-- Source material follows --

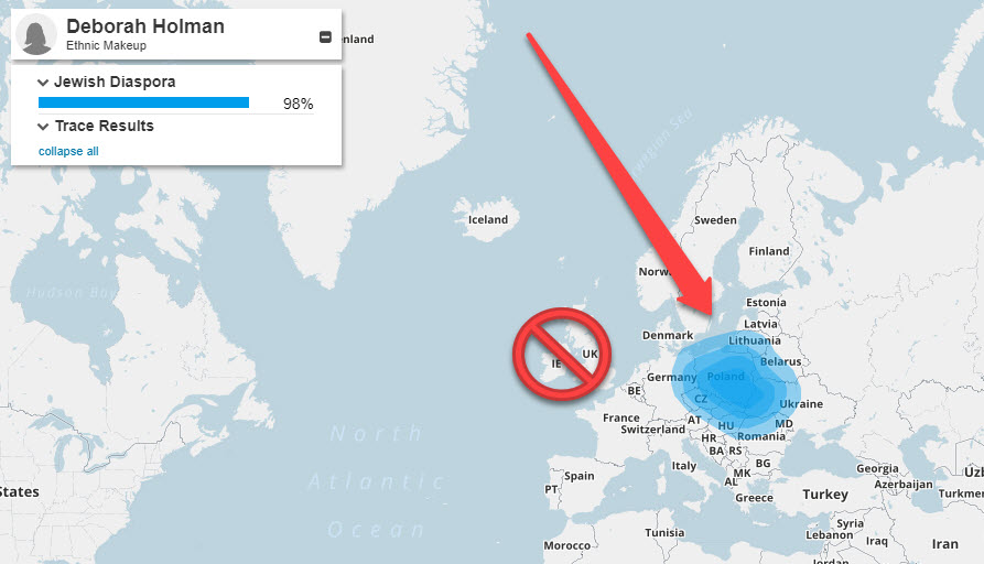 Notice the big blue bubble over Europe? I used a red arrow to point it out in case it’s not clear that ALL my DNA originates from that area of the world.
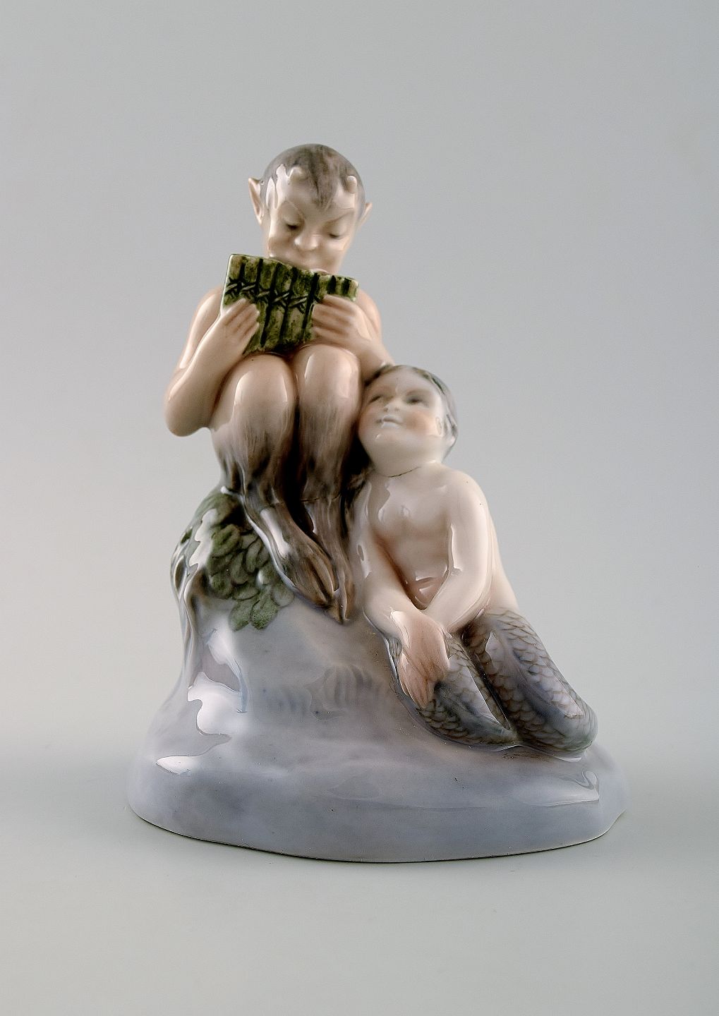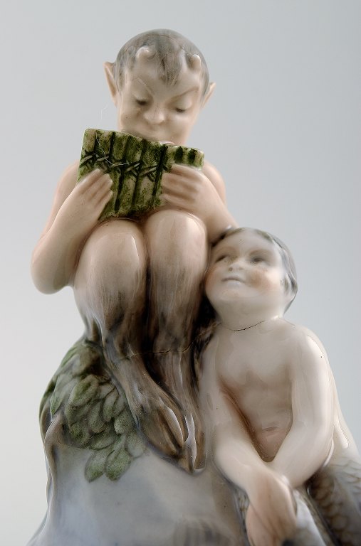 Very rare Royal Copenhagen 2299 Faun satyr with Mermaid girl. Measures : 14, 5 cm. x 12 cm. VW for V. Waldorff. Good condition, factory 2nd, burning mark on girls neck.
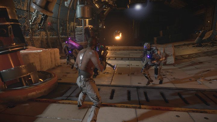 Monica is activating the self-destruct protocol - you need to get to the escape pod as fast as possible. Tony tries to hack to the locked door. Your task is to fight the Synthoids. Since you don't have the shield, use dodges and mix light attacks with heavy ones to create combos. After the fight is over, help Tony open the door.
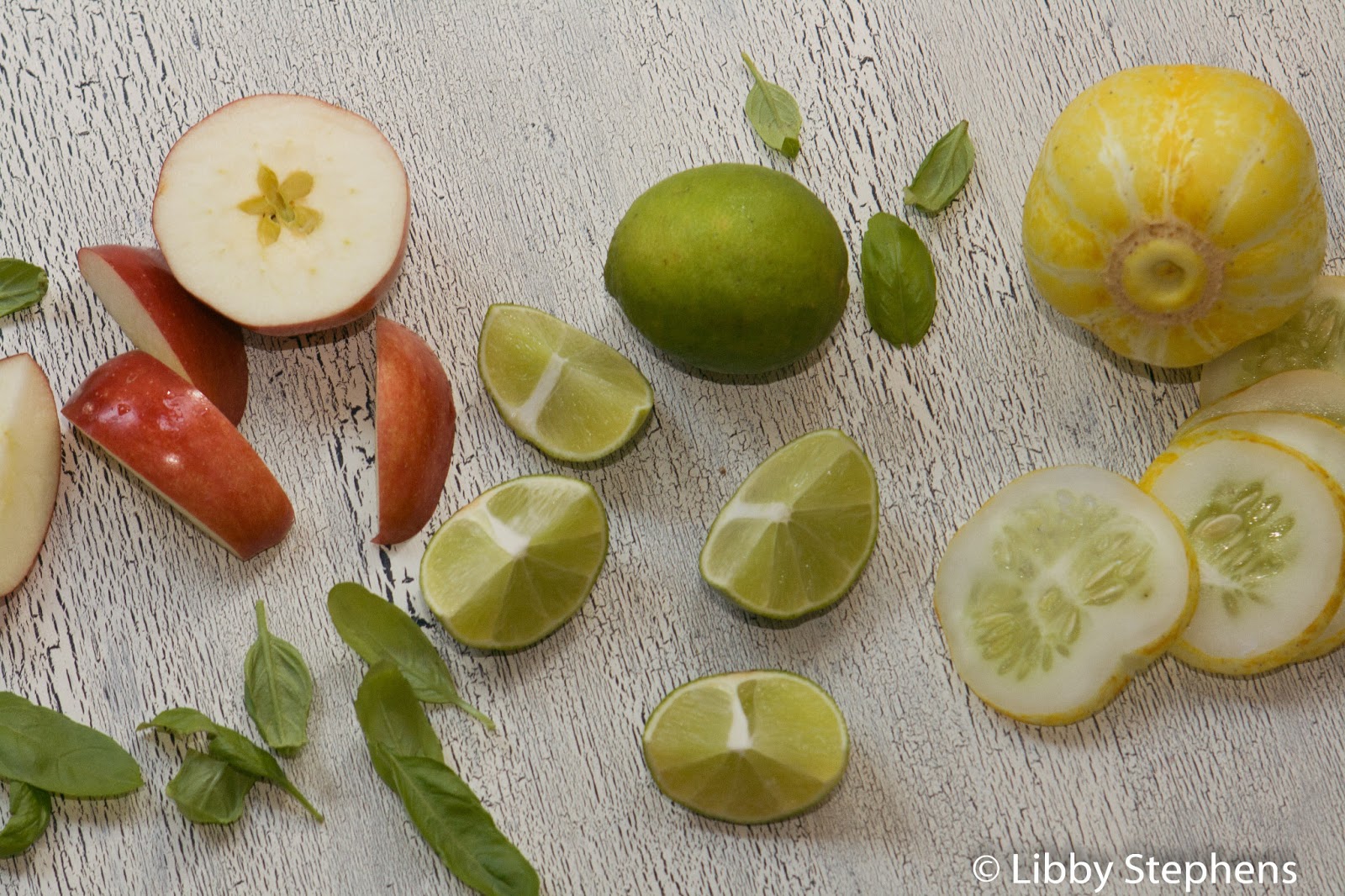Starting with the basil, juice everything into a glass.
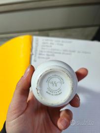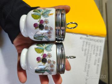 Questi oggetti sono cuociuova in porcellana (egg coddlers) vintage della marca Royal Worcester, modello Lavinia. Servono per cuocere le uova a bagnomaria direttamente all'interno del vasetto, permettendo di aggiungere condimenti prima della cottura. Il modello Lavinia è caratterizzato da un motivo decorativo di more e fiori su fondo bianco. Sono dotati di un coperchio in metallo avvitabile con un anello superiore per sollevarli facilmente dall'acqua bollente. Articoli sono molto ricercati dagli appassionati di porcellane inglesi e utensili da cucina vintage.
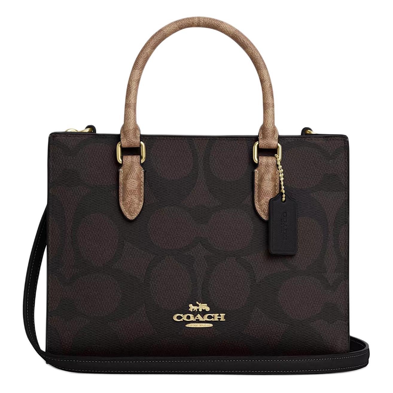 COACH蔻驰 Laurel 31 可拆卸肩带拉链开合 涂层帆布 单肩斜挎手提包 大号 女款 金色拼胡桃木拼黑色
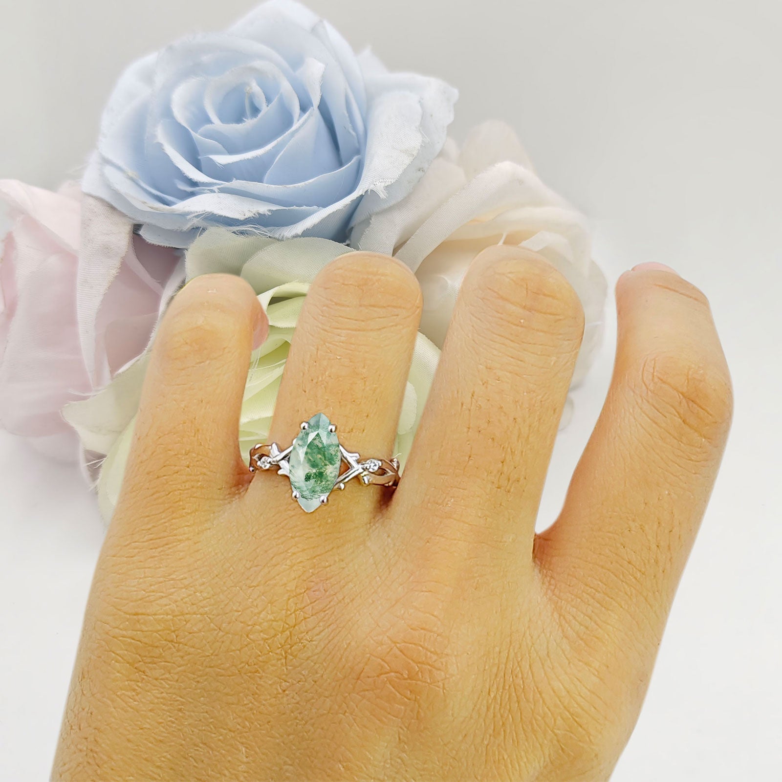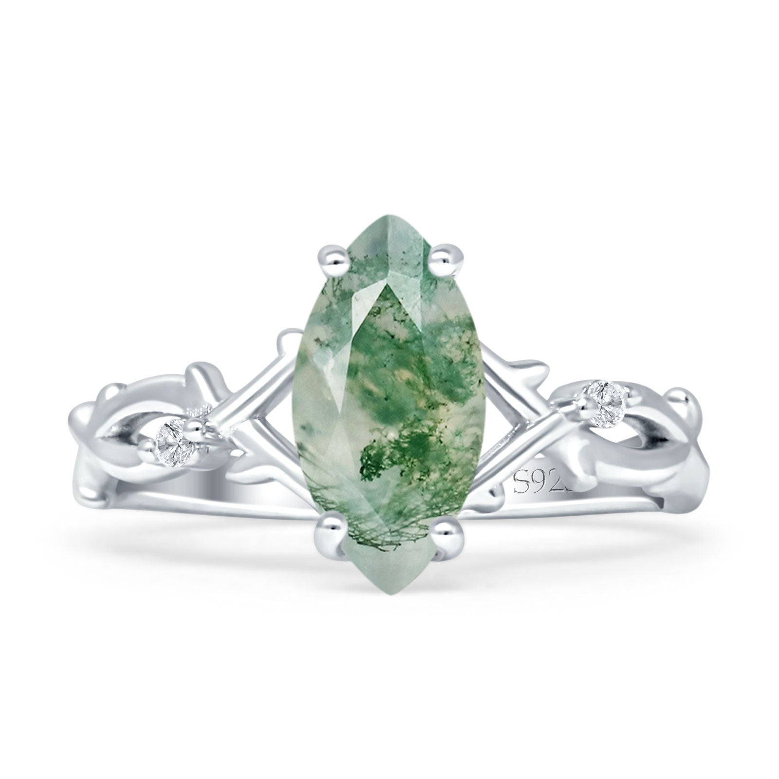 Product Description:Elegance meets sophistication in our marquise natural Green Moss Agate ring. Crafted in solid 925 sterling silver, this exquisite piece features a mesmerizing marquise-cut natural Green Moss Agate stone. Set within a split shank infinity twisted band, this ring exudes timeless charm and contemporary flair. Perfect for adding a touch of sophistication to any ensemble.

-- Source material concluded --

> _What is required_: Return a verbatim transcription of the data, omitting all images.

> _Output for this exercise_:
 Notice the big blue bubble over Europe? I used a red arrow to point it out in case it’s not clear that ALL my DNA originates from that area of the world.
 Very rare Royal Copenhagen 2299 Faun satyr with Mermaid girl. Measures : 14, 5 cm. x 12 cm. VW for V. Waldorff. Good condition, factory 2nd, burning mark on girls neck.
 Monica is activating the self-destruct protocol - you need to get to the escape pod as fast as possible. Tony tries to hack to the locked door. Your task is to fight the Synthoids. Since you don't have the shield, use dodges and mix light attacks with heavy ones to create combos. After the fight is over, help Tony open the door.
Starting with the basil, juice everything into a glass.
 Questi oggetti sono cuociuova in porcellana (egg coddlers) vintage della marca Royal Worcester, modello Lavinia. Servono per cuocere le uova a bagnomaria direttamente all'interno del vasetto, permettendo di aggiungere condimenti prima della cottura. Il modello Lavinia è caratterizzato da un motivo decorativo di more e fiori su fondo bianco. Sono dotati di un coperchio in metallo avvitabile con un anello superiore per sollevarli facilmente dall'acqua bollente. Articoli sono molto ricercati dagli appassionati di porcellane inglesi e utensili da cucina vintage.
 COACH蔻驰 Laurel 31 可拆卸肩带拉链开合 涂层帆布 单肩斜挎手提包 大号 女款 金色拼胡桃木拼黑色
 Product Description:Elegance meets sophistication in our marquise natural Green Moss Agate ring. Crafted in solid 925 sterling silver, this exquisite piece features a mesmerizing marquise-cut natural Green Moss Agate stone. Set within a split shank infinity twisted band, this ring exudes timeless charm and contemporary flair. Perfect for adding a touch of sophistication to any ensemble.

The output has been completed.